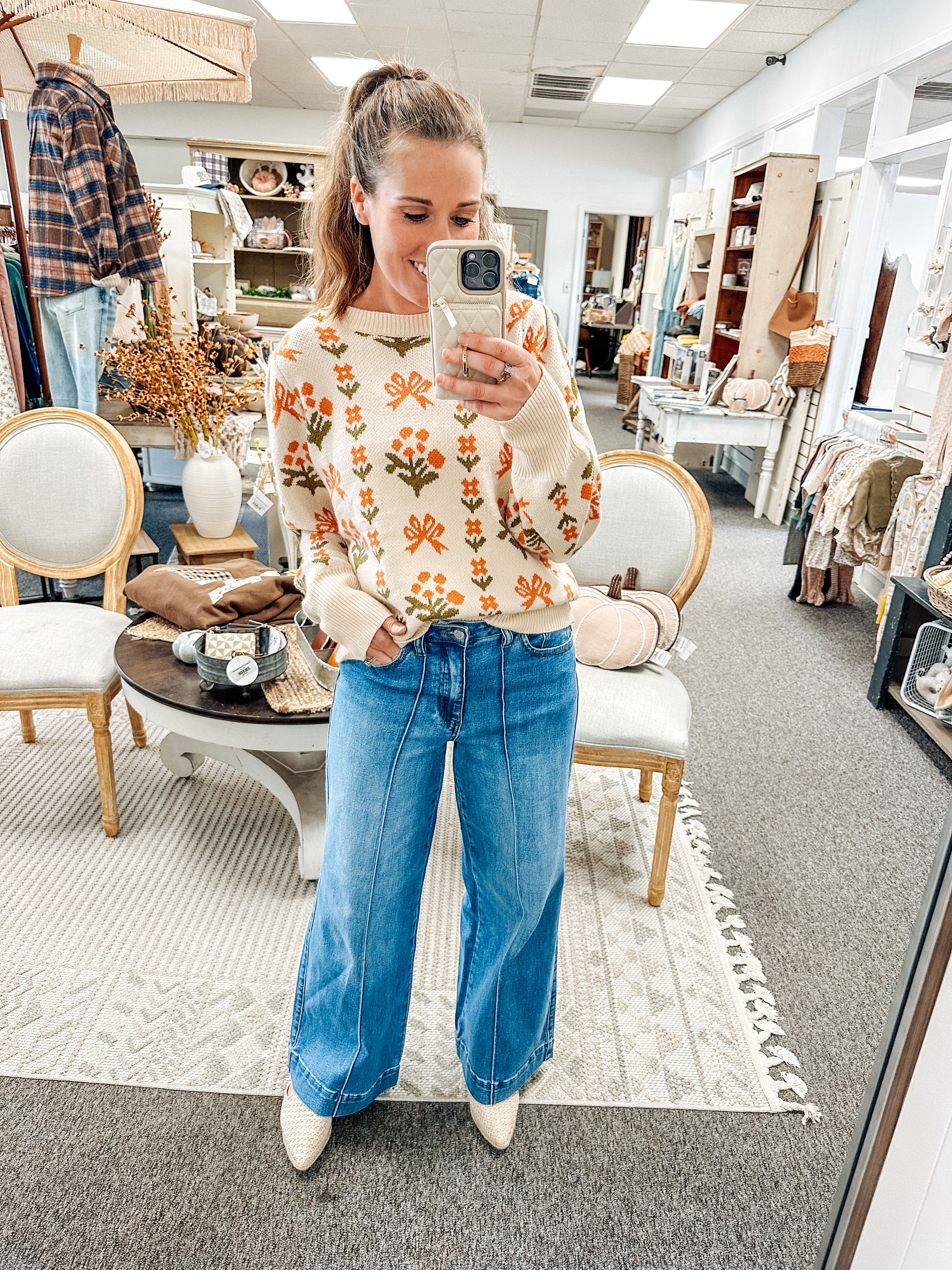 The Floral Stitch Pullover is a playful and charming sweater top featuring long puff sleeves and delicate shoulder pintuck details. Its vibrant floral pattern adds a fun, lively touch, making it a perfect choice to brighten your day and keep cozy in style.
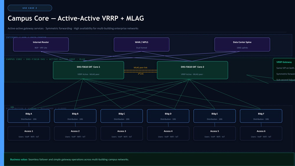 Overview: Campus core delivering active-active gateway services with symmetric forwarding and high availability for multi-building enterprise networks.
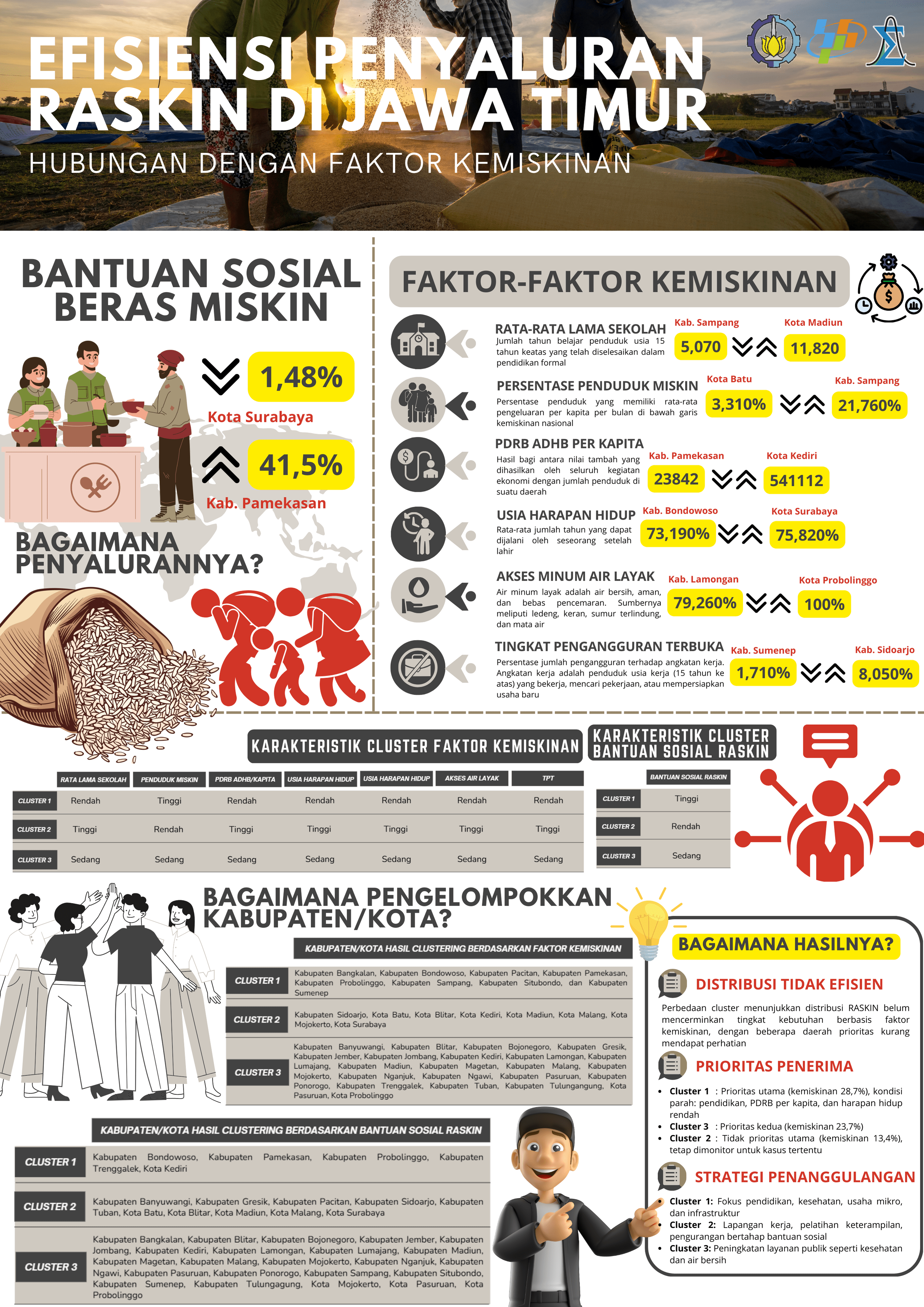 Infografis ini menyajikan data terkait efisiensi penyaluran beras miskin di Jawa Timur serta menjabarkan hubungannya dengan faktor kemiskinan
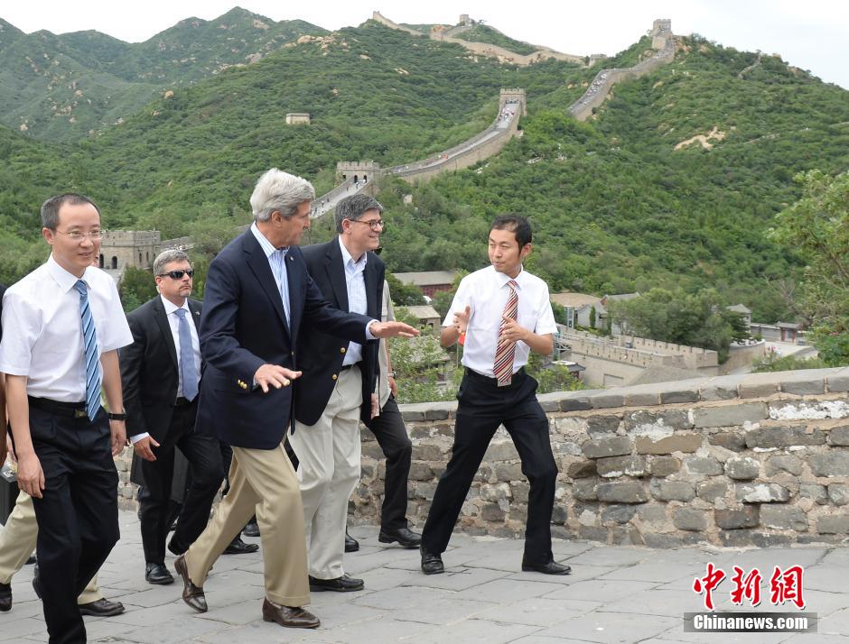 U.S. Secretary of State John Kerry (L2) and U.S. Treasury Secretary Jacob Lew (R2) visit Badaling Great Wall in Beijing, July 8. (CNS/Hou Yu)
──────────
■ **WHAT NEEDS TO BE DONE**
Set down all the material exactly once more. No pictures.

■ **WRITTEN RESPONSE**
 The Floral Stitch Pullover is a playful and charming sweater top featuring long puff sleeves and delicate shoulder pintuck details. Its vibrant floral pattern adds a fun, lively touch, making it a perfect choice to brighten your day and keep cozy in style.
 Overview: Campus core delivering active-active gateway services with symmetric forwarding and high availability for multi-building enterprise networks.
 Infografis ini menyajikan data terkait efisiensi penyaluran beras miskin di Jawa Timur serta menjabarkan hubungannya dengan faktor kemiskinan
 U.S. Secretary of State John Kerry (L2) and U.S. Treasury Secretary Jacob Lew (R2) visit Badaling Great Wall in Beijing, July 8. (CNS/Hou Yu)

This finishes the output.